Meestal kunt u naast het slikken van medicijnen niet veel doen om een epileptische aanval te voorkomen. Slaapgebrek, stress en drinken van teveel alcohol kunnen uitlokkende factoren zijn bij epilepsie. Probeer, voor zover dit kan, deze uitlokkende factoren te vermijden. Per epilepsiesoort en per persoon zullen de uitlokkende factoren verschillen. Daarbij is het belangrijk om de medicatie trouw in te nemen en nooit zelf te stoppen met de voorgeschreven medicatie.

Wat is er bekend over pilgebruik en medicijnen tegen epilepsie?

  • De anti-epileptica carbamazepine, fenytoïne, oxcarbazepine en topiramaat zorgen ervoor dat de anticonceptiepil minder goed werkt. De neuroloog kan dan een andere, sterkere anticonceptiepil voorschrijven of een ander voorbehoedsmiddel zoals een spiraaltje adviseren.
  • Lamotrigine heeft geen invloed op de anticonceptiepil, maar het heeft wel invloed op de hoeveelheid lamotrigine in het bloed (bloedspiegel). Hierdoor kan na het starten met de anticonceptiepil de bloedspiegel van lamotrigine dalen. De neuroloog kan dit voorkomen door de dosering lamotrigine aan te passen tegelijk met het starten van de anticonceptiepil. Overleg altijd met uw neuroloog als u een anticonceptiemiddel slikt of wilt gaan slikken.

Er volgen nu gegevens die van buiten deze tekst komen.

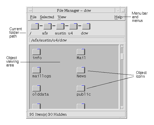 Use File Manager to create, find, and use desktop objects: files, folders, and applications. Each object is represented by an icon in File Manager.

Wat is bekend over medicijnen tegen epilepsie en botontkalking (osteoporose)?

Langdurig gebruik van de anti-epileptica carbamazepine, fenytoïne, fenobarbital, of natriumvalproaat kan een grotere kans geven op botontkalking. Deze middelen hebben namelijk invloed op vitamine D en mogelijk ook op het calcium in het bloed. Beide zijn belangrijk bij de botaanmaak.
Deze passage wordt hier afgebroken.